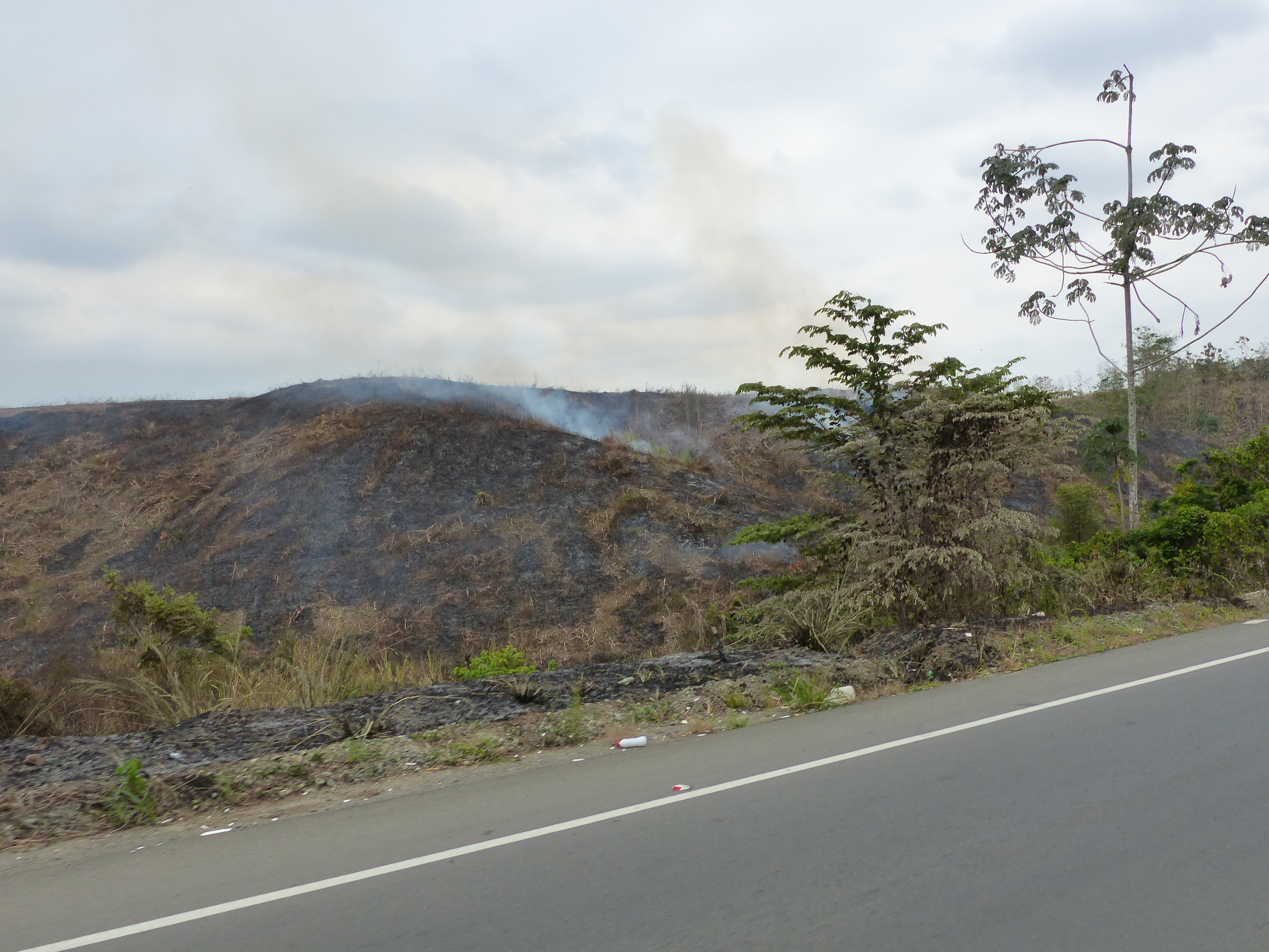 En route to Puerto Lopez on the coast we weren’t prepared for the dry and burnt landscapes that would greet us. It was the end of the dry season and there was a lot of agricultural burning going on giving a grey hue to the already monotone landscapes.
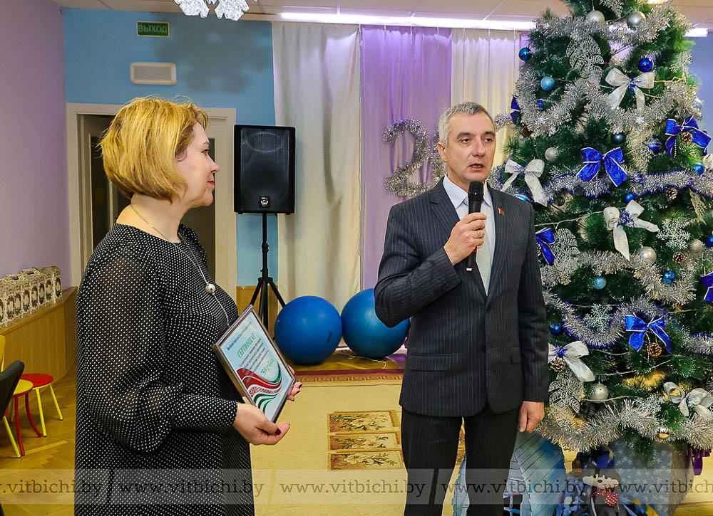 Анатолий Линевич вручил директору центра коррекционно-развивающего обучения и реабилитации Елене Дук сертификат достоинством 10 тысяч рублей для приобретения того, что необходимо для занятий с детьми. Это стало новогодним вкладом облисполкома в развитие учреждения.
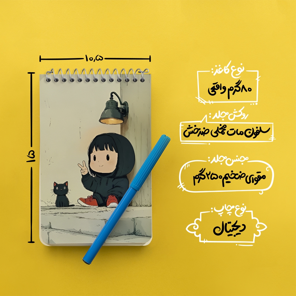 برند خندالو در زمینه تولید انواع دفاتر فانتزی و تحصیلی فعالیت میکند که به دلیل جذابیت ظاهری و طرح های متنوع طرفداران زیادی دارد. دفتر یادداشت خندالو طرح دختر و گربه محصولی مناسب برای همه عاشقان لوازم التحریر است و همچنین همه کسانی که بنا به موقعیت تحصیل یا شغلشان با دفتر و نوشت افزار زیاد سر و کار دارند. در تولید دفتر یادداشت خندالو طرح دختر و گربه از نوع صحافی فنر مارپیچ استفاده شده که در این نوع صحافی برگه‌ها به راحتی چرخیده و یا بیرون آورده می شوند.
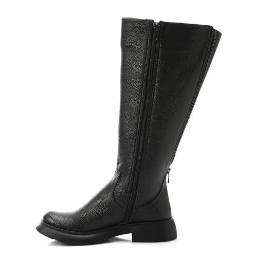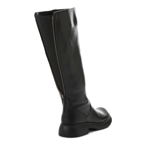 Mr Joe - بوت بطول الركبة بسوستة مزدوجة من مستر جو - اسود
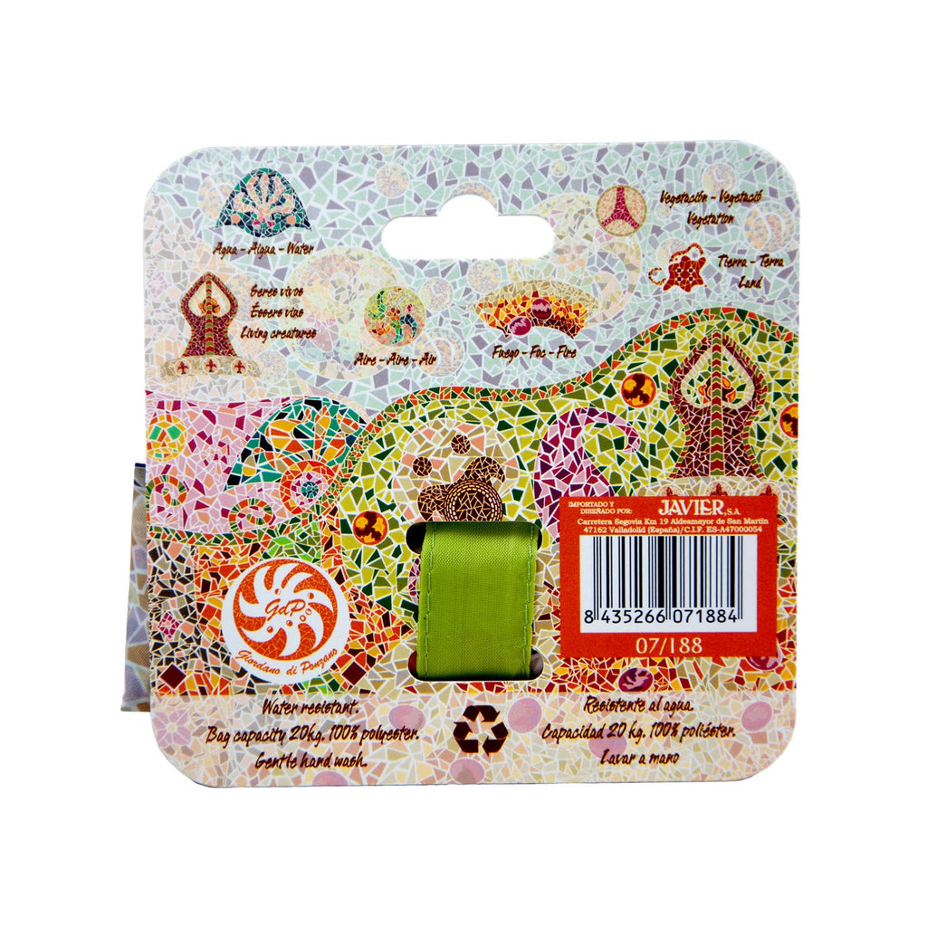 Bolsa plegable y reutilizable de la colección Elementos de Javier. Al tener un tamaño reducido cuando está plegada, es ideal para llevarla siempre contigo a cualquier lugar: a la compra, en el coche, en el bolso, etc. y ¡dar un toque de color a tus días!
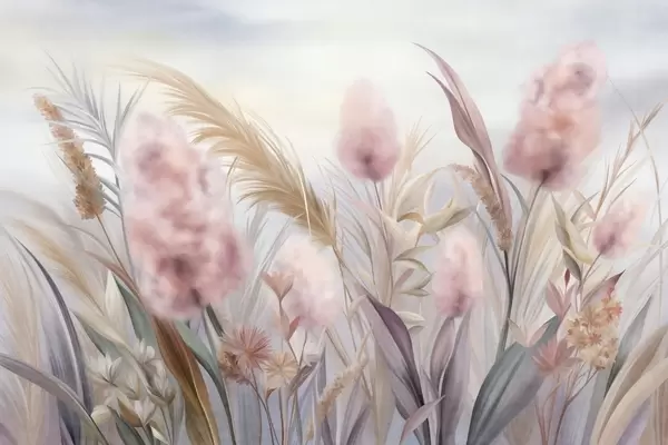 Fototapety Ružová a béžová tráva pampas a ďalšie sušené kvety s jemnou, zamračenou oblohou v pozadí Nr. w09635
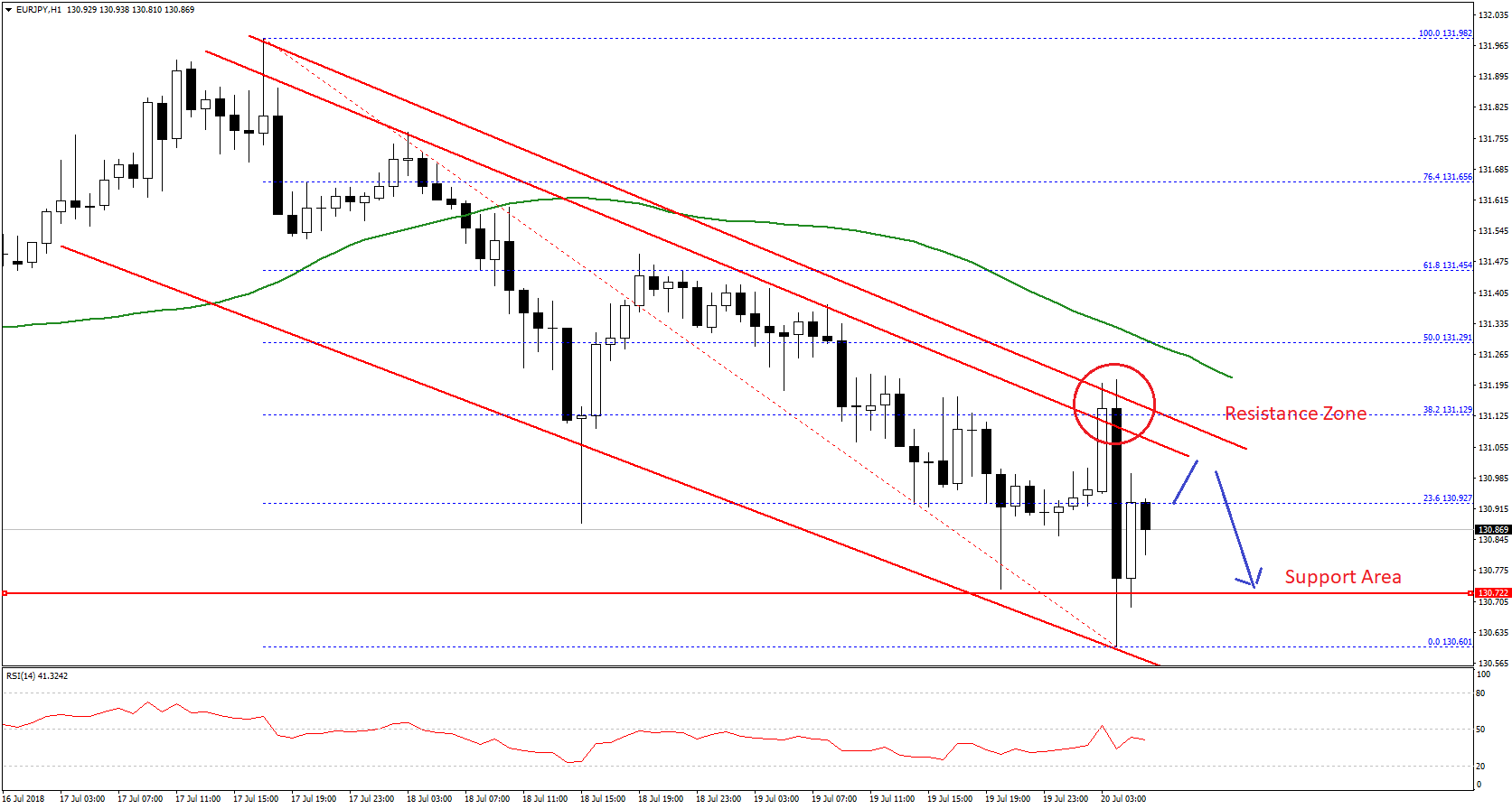 After a decent uptrend, the Euro faced a strong selling interest near the 132.00 level against the Japanese Yen. The EUR/JPY pair started a major downward move and declined below the 131.50, 131.20 and 131.00 support levels.
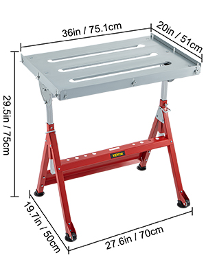 Adjustable Height: There are four height levels to choose from: 30.7″/78 cm, 32.7″/83 cm 34.6″/88 cm, and 36.6″/93 cm. The table height is perfect for sit down welding and meets the needs of people with different heights.
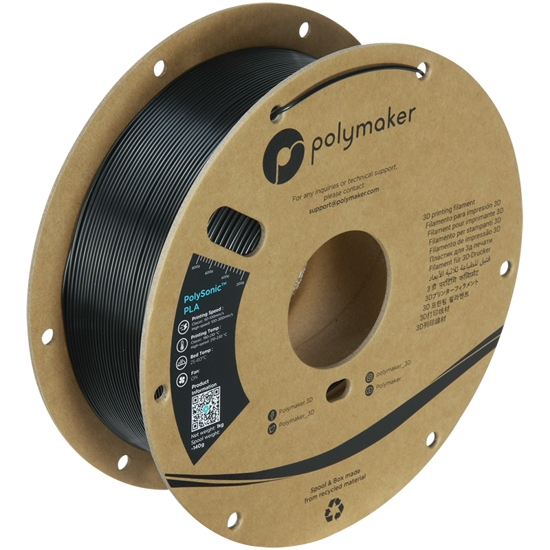 Découvrez le Filament Polymaker PolySonic™ PLA Noir, une avancée majeure pour l'impression 3D FDM, spécialement formulée pour les imprimantes à haute vitesse.
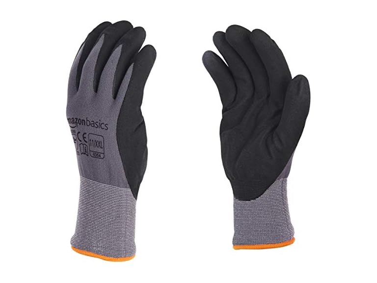 - Amazon Basics Micro-Foam Nitrile Coated Work Gloves, Nylon Liner Fiber, Touch Screen, Grey, 11/XXL, 12-Pair
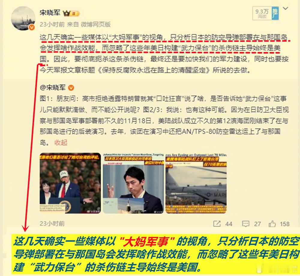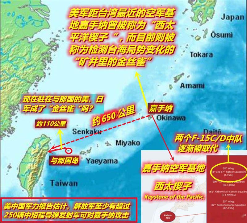 图1:有媒体朋友抱怨我昨天在微博里又提“大妈军事”一词;图2:我半开玩笑滴说,用真正有技术含量的“大妈军事”去分析与那国的日美军部署,撑死了就是个距离更近的“金丝雀”而已。因按传统有技术含量的“大妈军事”模式分析,台海周边1000公里范围内,大陆机场的容量是日本的六倍多(固定掩体更多),所以日、美一旦军事介入台海,与那国分分钟就会被抹平。更别说非传统的“大妈军事”分析了——早已按30万个联网传感器把台海1000公里范围内的所有目标都网格化锁定、然后用数千加攻击无人机就可搞定来说事了。
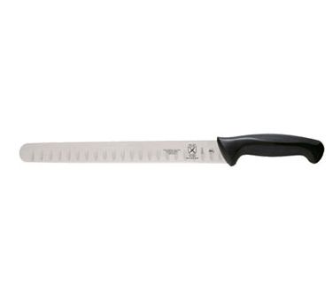 Millennia Slicer Knife, 11", granton edge, stamped, high carbon, stain-free steel, black non-slip Santoprene® & polypropylene handle, with textured finger points and protective finger guard, NSF certified
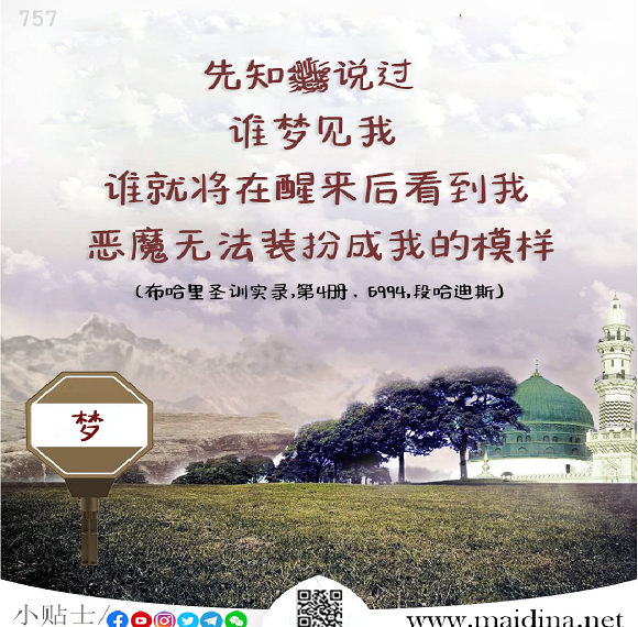 穆圣ﷺ说过: 谁梦见我,谁就将在醒来后看到我,恶魔无法装扮成我的模样。(布哈里圣训实录,第4册,6994,段哈迪斯) Mù shèngṣly̱ạllhʿlyhwslm shuōguò: Shéi mèng jiàn wǒ, shéi jiù jiàng zài xǐng lái hòu kàn dào wǒ, èmó wúfǎ zhuāngbàn chéng wǒ de múyàng.(Bù hālǐ shèng xùn shílù, dì 4 cè,6994, duàn hā dí sī) #古兰经 #读古兰经 #教古兰经 #学习古兰经 #学古兰经 #爱古兰经 #喜欢读古兰经 757 “Contact 继续阅读

● **What you need to do**:
Without the pictures, write out the entire listing exactly.

● **Exercise result**:
 En route to Puerto Lopez on the coast we weren’t prepared for the dry and burnt landscapes that would greet us. It was the end of the dry season and there was a lot of agricultural burning going on giving a grey hue to the already monotone landscapes.
 Анатолий Линевич вручил директору центра коррекционно-развивающего обучения и реабилитации Елене Дук сертификат достоинством 10 тысяч рублей для приобретения того, что необходимо для занятий с детьми. Это стало новогодним вкладом облисполкома в развитие учреждения.
 برند خندالو در زمینه تولید انواع دفاتر فانتزی و تحصیلی فعالیت میکند که به دلیل جذابیت ظاهری و طرح های متنوع طرفداران زیادی دارد. دفتر یادداشت خندالو طرح دختر و گربه محصولی مناسب برای همه عاشقان لوازم التحریر است و همچنین همه کسانی که بنا به موقعیت تحصیل یا شغلشان با دفتر و نوشت افزار زیاد سر و کار دارند. در تولید دفتر یادداشت خندالو طرح دختر و گربه از نوع صحافی فنر مارپیچ استفاده شده که در این نوع صحافی برگه‌ها به راحتی چرخیده و یا بیرون آورده می شوند.
 Mr Joe - بوت بطول الركبة بسوستة مزدوجة من مستر جو - اسود
 Bolsa plegable y reutilizable de la colección Elementos de Javier. Al tener un tamaño reducido cuando está plegada, es ideal para llevarla siempre contigo a cualquier lugar: a la compra, en el coche, en el bolso, etc. y ¡dar un toque de color a tus días!
 Fototapety Ružová a béžová tráva pampas a ďalšie sušené kvety s jemnou, zamračenou oblohou v pozadí Nr. w09635
 After a decent uptrend, the Euro faced a strong selling interest near the 132.00 level against the Japanese Yen. The EUR/JPY pair started a major downward move and declined below the 131.50, 131.20 and 131.00 support levels.
 Adjustable Height: There are four height levels to choose from: 30.7″/78 cm, 32.7″/83 cm 34.6″/88 cm, and 36.6″/93 cm. The table height is perfect for sit down welding and meets the needs of people with different heights.
 Découvrez le Filament Polymaker PolySonic™ PLA Noir, une avancée majeure pour l'impression 3D FDM, spécialement formulée pour les imprimantes à haute vitesse.
 - Amazon Basics Micro-Foam Nitrile Coated Work Gloves, Nylon Liner Fiber, Touch Screen, Grey, 11/XXL, 12-Pair
 图1:有媒体朋友抱怨我昨天在微博里又提“大妈军事”一词;图2:我半开玩笑滴说,用真正有技术含量的“大妈军事”去分析与那国的日美军部署,撑死了就是个距离更近的“金丝雀”而已。因按传统有技术含量的“大妈军事”模式分析,台海周边1000公里范围内,大陆机场的容量是日本的六倍多(固定掩体更多),所以日、美一旦军事介入台海,与那国分分钟就会被抹平。更别说非传统的“大妈军事”分析了——早已按30万个联网传感器把台海1000公里范围内的所有目标都网格化锁定、然后用数千加攻击无人机就可搞定来说事了。
 Millennia Slicer Knife, 11", granton edge, stamped, high carbon, stain-free steel, black non-slip Santoprene® & polypropylene handle, with textured finger points and protective finger guard, NSF certified
 穆圣ﷺ说过: 谁梦见我,谁就将在醒来后看到我,恶魔无法装扮成我的模样。(布哈里圣训实录,第4册,6994,段哈迪斯) Mù shèngṣly̱ạllhʿlyhwslm shuōguò: Shéi mèng jiàn wǒ, shéi jiù jiàng zài xǐng lái hòu kàn dào wǒ, èmó wúfǎ zhuāngbàn chéng wǒ de múyàng.(Bù hālǐ shèng xùn shílù, dì 4 cè,6994, duàn hā dí sī) #古兰经 #读古兰经 #教古兰经 #学习古兰经 #学古兰经 #爱古兰经 #喜欢读古兰经 757 “Contact 继续阅读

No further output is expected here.